You will want to make sure that completing a traditional IRA conversion to Roth will not push you into a much higher tax bracket during the year that it occurs. If it does, more of your Social Security benefits may be taxed, you may face a large income tax bill, and you may be forced to pay a high Medicare surcharge.
Roth conversion ladder
A Roth IRA conversion ladder is a method that you can use to access your retirement funds early so that you can retire well before you reach the normal retirement age. You can do this by contributing the maximum that you can to a tax-advantaged account at your job such as a 401(k).

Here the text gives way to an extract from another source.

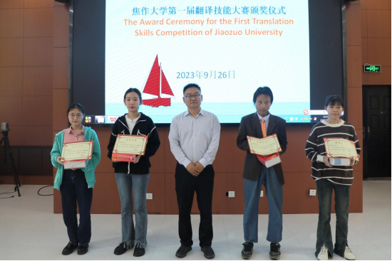 9月26日下午,頒獎(jiǎng)儀式在行政樓201會(huì)議室舉行。副校長(zhǎng)林鄧偉教授、基礎(chǔ)教學(xué)部主任豐樹(shù)謙教授、質(zhì)量管理與發(fā)展規(guī)劃處邢樹(shù)強(qiáng)教授和教務(wù)處、基礎(chǔ)教學(xué)部的老師為獲獎(jiǎng)選手頒發(fā)了證書(shū)和獎(jiǎng)品。林鄧偉對(duì)本次翻譯技能大賽的成功舉辦表示熱烈祝賀,鼓勵(lì)廣大學(xué)子不斷提高翻譯實(shí)踐能力,在今后的學(xué)習(xí)中再接再厲,取得更大的進(jìn)步。

When you leave your job, roll the money from your 401(k) into a traditional IRA. There aren’t any penalties for doing so. If you believe that you will need to access some of the money after five years, complete a rollover of that amount into your Roth IRA account. You will then need to wait for five years to comply with the Roth IRA conversion 5 year rule. Once those five years have elapsed, you can make withdrawals without incurring any additional taxes or penalties.
Impact on beneficiaries
If you are a beneficiary of an inherited IRA, it is possible for you to convert it to a Roth IRA. However, few beneficiaries do this because the amount of the conversion will be reflected on their income taxes for that year.
A conversion may make more sense if your current tax bracket is low and your expected future tax bracket will be higher. Then, it might be more advantageous for you to complete this type of conversion.
Partial rollovers for Roth IRAs
It is possible to complete a partial rollover to a Roth IRA. Some people choose to do this so that they can spread out the payment of taxes on their balances by making several rollovers in successive years from their traditional accounts to their Roth account.
This approach might make a lot of sense if your traditional account balance is very high. Instead of jumping up a couple of tax brackets, you can split the balance up over a few years so that your taxes will be more manageable.
Reversing a Roth IRA conversion
While it used to be possible to reverse a Roth IRA conversion, that is no longer the case. The Tax Cuts and Jobs Act nixed the ability of people to reverse their Roth IRA conversions once per year.